(Beginning of Provided records)
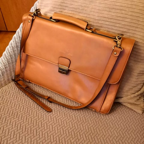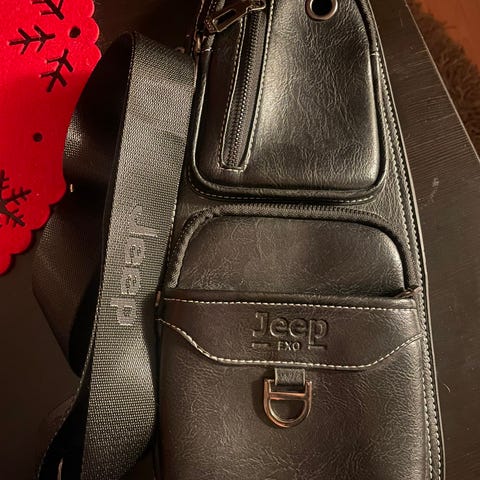 Jeep olkalaukku tekonahkaa, ruskea. Laukussa on kantokahvat sekä säädettävä ja irrotettava olkahihna. Edessä on vetoketjutasku ja pieni lisätasku, takana vetoketjutasku. Sisäpuolella on useita lokeroita ja taskuja, mukaan lukien pehmustettu osio esimerkiksi kannettavalle tietokoneelle tai tabletille sekä pienemmät taskut pientavaroille. Materiaali on ruskeaa tekonahkaa ja sisävuori vaaleaa kangasta. 14 tuuman kone mahtuu.
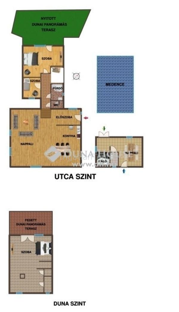 Közvetlen vízparti, eltolt szintes tégla ház medencével, saját stéggel!Az ingatlan jellemzői közé tartozik a 435 m2 telek, a nagyméretű nappali, a 4 hálószoba, mely elhelyeszkedésüknek köszönhetően akár két, vagy három generáció együttélésére is alkalmas lehet. A fűtést elektromos cirkó látja el radiátoros hőleadók segítségével, melyek a hidegebb hónapokban is meleg és otthonos környezetet biztosítanak. A nyári meleg enyhítéséről pedig a felszerelt légkondik gondoskodnak. A 10 cm-es homlokzati szigetelés hozzájárul a rezsi csökkentéséhez.A kényelemről még elektromos redőnyök is gondoskodnak, amelyek biztonágosabbá teszik a házat.A hosszú nyári napokon, vagy egy fárasztó nap után nincs is jobb, mint egy frissítő ugrás a saját medencébe.Az udvar viakolorral burkolt, ami nemcsak esztétikailag vonzó, hanem rendkívül praktikus is, hiszen könnyen karbantartható, ráadásul elegendő helyet biztosít akár 3 autó számára is, hogy kényelmesen parkolhasson.Ez a varázslatos otthon tökéletes választás azoknak, akik értékelik a víz és természet közelségét és nem akarnak lemondani a modern kényelmi funkciókról sem. Az udvaron található saját úszómedence garantálja a nyári napok zavartalan élvezetét, míg a saját stég lehetőséget biztosít a vízi sportok szerelmeseinek, hogy kedvükre induljanak csónakázni, kajakozni, vagy bármilyen vizisportot űzni.Fedezze fel ezt a természetközeli lenyűgöző, közvetlen vízparti otthont, melynek kialakítása és elhelyezkedése egyedi! Egy végtelen nyugalmat árasztó környezetben, ahol a környezet minden évszakban mesés látványt nyújt.Jöjjön el és szeressen bele a temészet közelségébe. |
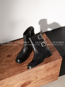欧洲站女鞋25冬时尚软软胎牛皮圆头舒适休闲款套筒切尔西平底短靴
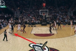神来之笔!贾雷斯·沃克弧顶拿球 左手强投三分压哨命中
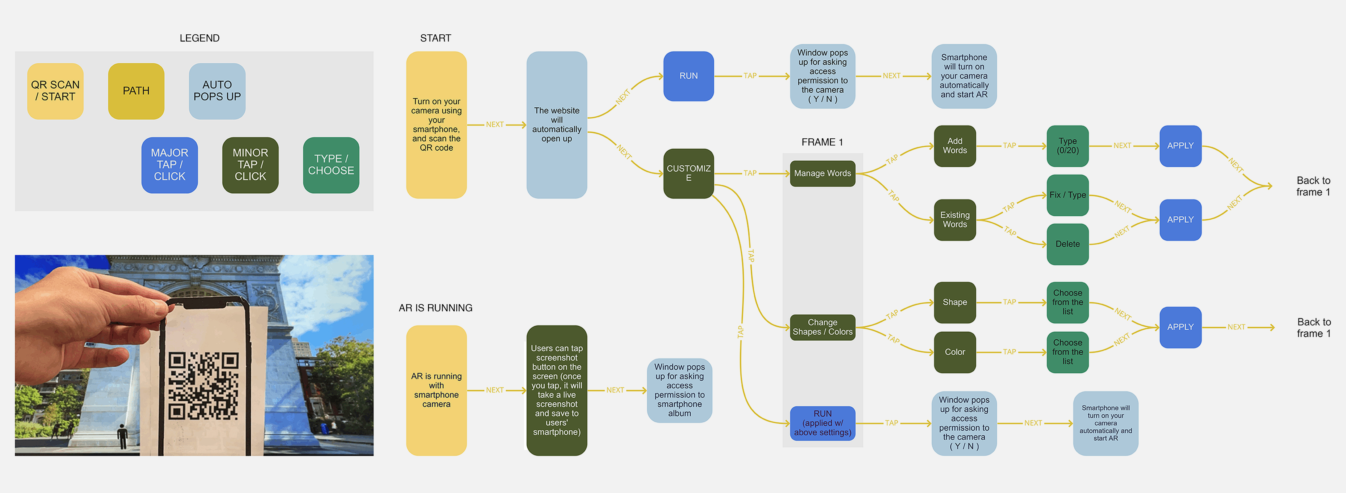 While people are playing with this AR interaction activity, users can press the button to take a picture or record video with their device. Thus, people who participated can save the memories in their devices and social media, and share with others. On the other hand, this activity can be more enjoyable when people help each other. Some people hesitate to talk or interact with others. However, through this activity, people can help each other to make this work better. I believe this small event can create a positive vibe between people.
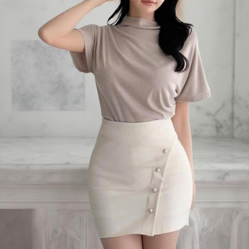 [옷자락] 여성 단색 면혼합 셔링 반목 반팔 티셔츠
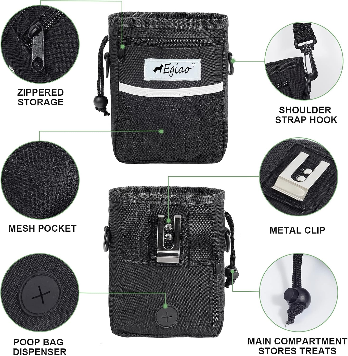 - 🐾Multifunctional Dog Treat Pouch: Our dog treat bag has an enlarged storage capacity with Drawstring Closure. The front mesh pocket can hold some dog training toys, and the enlarged zipper pocket can hold mobile phones, ID cards, etc. The small bag on the side can hold small items, and the garbage bags can be pulled out directly from the small holes reserved on the back, which is convenient and quick. D-rings can be used to hang keys, dog clickers, etc.
(End of Provided records)
> [Work item]
Word-for-word transcription: the whole listing, with images excluded.

> [Your solution]
 Jeep olkalaukku tekonahkaa, ruskea. Laukussa on kantokahvat sekä säädettävä ja irrotettava olkahihna. Edessä on vetoketjutasku ja pieni lisätasku, takana vetoketjutasku. Sisäpuolella on useita lokeroita ja taskuja, mukaan lukien pehmustettu osio esimerkiksi kannettavalle tietokoneelle tai tabletille sekä pienemmät taskut pientavaroille. Materiaali on ruskeaa tekonahkaa ja sisävuori vaaleaa kangasta. 14 tuuman kone mahtuu.
 Közvetlen vízparti, eltolt szintes tégla ház medencével, saját stéggel!Az ingatlan jellemzői közé tartozik a 435 m2 telek, a nagyméretű nappali, a 4 hálószoba, mely elhelyeszkedésüknek köszönhetően akár két, vagy három generáció együttélésére is alkalmas lehet. A fűtést elektromos cirkó látja el radiátoros hőleadók segítségével, melyek a hidegebb hónapokban is meleg és otthonos környezetet biztosítanak. A nyári meleg enyhítéséről pedig a felszerelt légkondik gondoskodnak. A 10 cm-es homlokzati szigetelés hozzájárul a rezsi csökkentéséhez.A kényelemről még elektromos redőnyök is gondoskodnak, amelyek biztonágosabbá teszik a házat.A hosszú nyári napokon, vagy egy fárasztó nap után nincs is jobb, mint egy frissítő ugrás a saját medencébe.Az udvar viakolorral burkolt, ami nemcsak esztétikailag vonzó, hanem rendkívül praktikus is, hiszen könnyen karbantartható, ráadásul elegendő helyet biztosít akár 3 autó számára is, hogy kényelmesen parkolhasson.Ez a varázslatos otthon tökéletes választás azoknak, akik értékelik a víz és természet közelségét és nem akarnak lemondani a modern kényelmi funkciókról sem. Az udvaron található saját úszómedence garantálja a nyári napok zavartalan élvezetét, míg a saját stég lehetőséget biztosít a vízi sportok szerelmeseinek, hogy kedvükre induljanak csónakázni, kajakozni, vagy bármilyen vizisportot űzni.Fedezze fel ezt a természetközeli lenyűgöző, közvetlen vízparti otthont, melynek kialakítása és elhelyezkedése egyedi! Egy végtelen nyugalmat árasztó környezetben, ahol a környezet minden évszakban mesés látványt nyújt.Jöjjön el és szeressen bele a temészet közelségébe. |
欧洲站女鞋25冬时尚软软胎牛皮圆头舒适休闲款套筒切尔西平底短靴
神来之笔!贾雷斯·沃克弧顶拿球 左手强投三分压哨命中
 While people are playing with this AR interaction activity, users can press the button to take a picture or record video with their device. Thus, people who participated can save the memories in their devices and social media, and share with others. On the other hand, this activity can be more enjoyable when people help each other. Some people hesitate to talk or interact with others. However, through this activity, people can help each other to make this work better. I believe this small event can create a positive vibe between people.
 [옷자락] 여성 단색 면혼합 셔링 반목 반팔 티셔츠
 - 🐾Multifunctional Dog Treat Pouch: Our dog treat bag has an enlarged storage capacity with Drawstring Closure. The front mesh pocket can hold some dog training toys, and the enlarged zipper pocket can hold mobile phones, ID cards, etc. The small bag on the side can hold small items, and the garbage bags can be pulled out directly from the small holes reserved on the back, which is convenient and quick. D-rings can be used to hang keys, dog clickers, etc.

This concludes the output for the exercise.